I'd like to map metagenomes (2 x 150 bp reads) against selected genes (500 - 3000 bp in length) using Bowtie2. I expect it might happen often then that reads only map partially as they "go beyond" the reference gene as illustrated in the example below.
Read: CTCGACTGGGGGATCTCGATTTCGTAGACGGCTTGCGGTT...
||||||| |||||||| |||||||
Reference Gene: ...CGTTGACGTTAGAAGGGAAGGACTGGGCGATCTCGACTTCGTAG (end of gene)
I'm wondering if bases of the read that are beyond the end of the gene are treated as mismatches, i.e. penalties are added to the alignment score for these?
My desired behavior would be that the read is treated as if it would be only as long as the overlapping region (27 bases in the above example). Bases on the right end of the read in the example shall be clipped, but not the three bases on the left end of the read.
Does anyone now if this can be set in Bowtie2, or possibly if this is even the default behavior with --end-to-end
mode?
I know that there is the --local
mode, but this is not exactly what I want as it may clip also the left three bases of the read. Maybe there are settings I could use in combination with --local
to achieve the desired behavior?
Part of the read that is not mapped would be soft-clipped. Sounds like that is what you want?
I think my question was unclear so I amended it a bit. So yes, I'd like the read to be clipped. However, referring to the above example, only it's right end but not it's left end shall be clipped.
Left-end should be soft-clipped as well. Have you looked at the CIGAR strings in your alignment file?
Actually I haven't run the mapping yet. I'd just like to find out which settings are reasonable for mapping against single genes, and start the mapping then.
How many genes are you going to map against? Is this a targeted/capture experiment? You always run the risk of forcing reads to align in places where they should not if you used a reduced reference and the original experiment was done with full genome.
I'm planning to use about 100 single copy genes from a reference genome (bacterial isolate) and map different environmental metagenomes against them. If I use stringent mapping conditions (or eventually filter mapped reads afterwards), I don't expect reads that would e.g. align better to a different region of the genome to map to the reference gene.
Proof is going to be in the pudding so to speak. Let us know how you fare on the alignments.

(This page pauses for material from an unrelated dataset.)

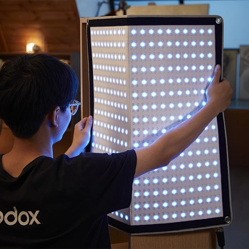 El cuerpo de luz plegable ultradelgado ofrece una iluminación versátil y eficiente adaptada a entornos exigentes. Su forma flexible se adapta a varias superficies (curvas, planas o irregulares), lo que permite ángulos de luz óptimos en condiciones de disparo complejas.

Results would be hard to predict since we have no idea what is in your samples and what fraction of the data will align to the genes you start with. Do keep track of multi-mapping reads just in case.
Sure. My question was not really about predicting results but rather how Bowtie2 scores an alignment as shown above.
If you are looking for specifics on how that particular alignment would be scored (in terms of MAPQ) then you may need to dive into code. You will want to read this blog post about mapping qualities.
I think what you are thinking of is a
score
like blast+ alignment. That concept is not directly transferable to NGS alignments.I was not referring to the mapping quality but the alignment score (AS tag in the sam file). I really should have been more specific in my question, I changed it a bit further. To calculate the alignment score, Bowtie2 (default) uses e.g. the following penalties:
mismatch: 2 - 6, gap open: 5, gap extend: 3
The minimum alignment score needed for an alignment to be considered “valid” can be set using
--score-min
. Now my question is if Bowtie2 scores all the bases at the right end of the read in my example as mismatches? If so, the alignment will never be considered valid with a reasonable score-min. If I use--local
mode these bases will be clipped, but then I also loose the penalties of the three left-end bases, which I'd like to avoid. Anyway, I’ll probably just try around with a small set of made-up sequences to see what happens.